01 The Ordinary
Hit skincare brand The Ordinary set one of the biggest beauty trends in motion when it launched in late-2017, offering low-cost, high-performance, no-frills skincare. The Ordinary revolution brought the generic drug model to cosmeceuticals. Every item is sold as close as possible to cost price, many for as little as £5.
It is of course a misnomer that “unbranded” goods are truly unbranded. Every detail of The Ordinary’s packaging design, from its dark laboratory pipettes and vials to its chic pharmaceutical labelling, has been carefully designed to strike the right note of reassuring simplicity.
What does set its visual identity apart is that every item has exactly the same packaging design and product names are given according to active ingredient and percentage strength, rather than intended effect. For instance, Niacinamide 10% + Zinc 1% (30ml) is called just that, rather than blemish and congestion reducing serum.
Letting the ingredients speak for themselves dispenses with another layer of marketing spin and indeed the kind of obfuscation that besets the beauty industry. Consumers, male and female alike, are charged with educating themselves, with the help of in-store staff, about ingredients and which combinations would benefit their skin.
American company Thinx, behind the innovative period-proof underwear stocked in Selfridges, has launched a tampon range that comes packaged in a smart red carton illustrated with a simple pop-art drawing of a tampon. A clear outer sheath slides over the box which, emblazoned with a labia, leaves no room for coyness about what tampons are for. In case there was any doubt, a tagline reads: “For real menstruating humans.”
Thinx may be the most upfront of the new challenger tampon brands, but they share a commitment to savvy packaging design and straight-talking about menstruation. Like Thinx, new UK-based tampon brands Freda, Callaly and Lola sell beautifully presented tampons made from organic cotton and donate a percentage of their profits to charities providing women in developing countries with sanitaryware.
The popularity of these brands among millennial women represents a backlash against the clinical and euphemistic marketing of the major tampon brands which has dominated the market for so long.
UK fruit jerky company Snact has impressive environmental credentials. It promotes healthy eating and reduces supermarket waste by using surplus and store-spoiled fruit that would otherwise end up in landfill. Plastic wrapping, however, presented an environmental problem.
Snact turned to the Israeli packaging design company Tipa, which also supplies carrier bags to designers Stella McCartney and Gabriela Hearst, to produce an entirely biodegradable wrapper. Made from a multi-layer film of plant-based polymers, the Snact wrapper decomposes like an orange within six months.

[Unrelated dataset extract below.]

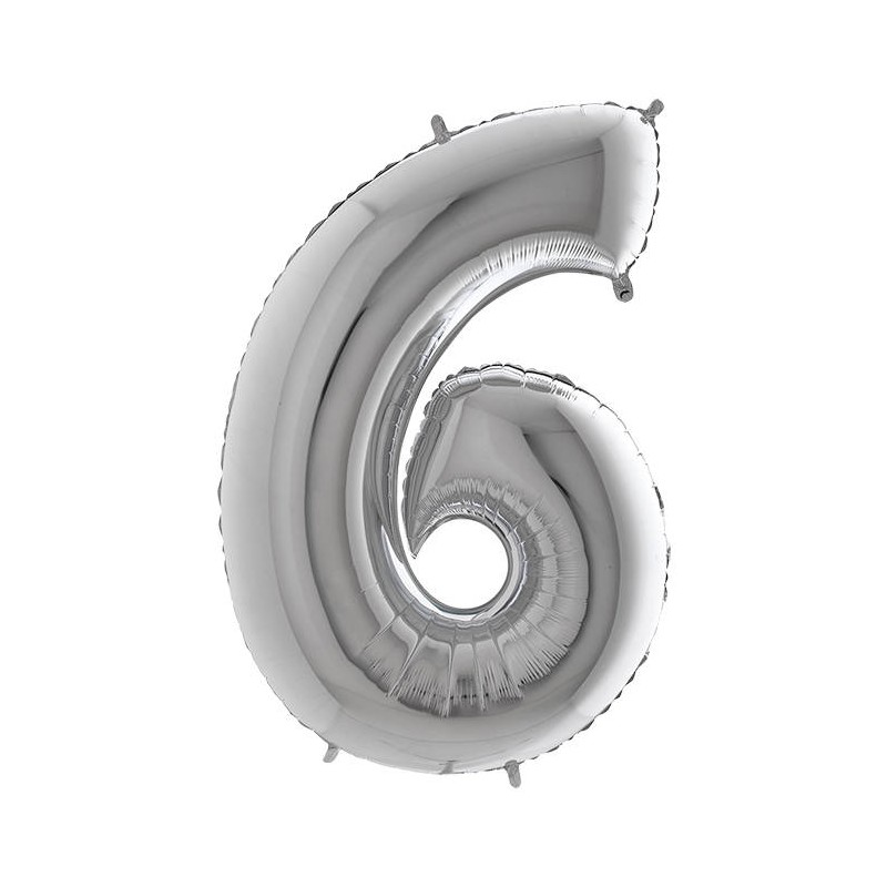 PALLONE NUMERO 6 MYLAR 102cm 40" ARGENTO

Tipa’s biodegradable plastic shares the same durability, sealing strength, printability, flexibility and transparency of regular plastics, but without the environmental risk. While Tipa products are more expensive than standard plastic, biodegradable wrapping has all the potential to disrupt the packaging design industry as more consumers consider the price a fair one to pay.
04 adidas Parley
Among consumer brands, adidas is perhaps the most committed to upcycling ocean plastics, much of which would have originated from plastic bottles, bags and other forms of packaging. Since 2015, the company has partnered with sustainable design studio Parley for the Oceans to upcycle marine plastics into high-performance materials that make its swimwear, trainers, Stella McCartney range and even a Manchester United kit.
For consumer-facing brands, packaging is one of the most visible waste products. As such, adidas uses only recycled and recyclable materials. With the declaration: “The production of one pair of Parley shoes prevents approximately 11 plastic bottles from entering our oceans,” the adidas Parely campaign is specifically framed around packaging waste.
The Parley range includes almost 100 products, but by 2024 the brand has pledged to use recycled marine plastics in every product it sells. Not only will adidas’s global reach bring with it enormous benefits of scale, but its market standing has the potential to convince other brands that neither style, performance nor sales need be compromised by switching to recycled materials.
The legalised or decriminalised recreational marijuana market in North America is barely six years old, but is already worth $9.2 billion and over the next decade is expected to increase fivefold, surpassing $47.3 billion. Packaging and marketing have been essential to building brands in entirely new and mind-boggling categories, such as edibles, topicals and concentrates.
Indeed, Canadian research found that brand visibility bolsters consumer confidence in cannabis products, with two thirds of consumers finding branded products more reassuring than plain packaged.
At the same time, brands have had to comply with medicinal-level regulations. In Colorado and California, products must be child safe and tamper evident propelling packaging design companies to think creatively about making products both eye-catching and safe.
Assurpak has rode the wave by developing an array of child-resistant, customisable, US Consumer Product Safety Commission-certified and bisphenol A-free formats, including pouches, cartons, spray bottles, boxes and blister cards, for some of the industry’s largest players, such as Organa Brands.
Jim Burack, director of Colorado’s Marijuana Enforcement Division, notes: “There has been an evolution and sophistication of different containers and packaging as the industry has evolved.”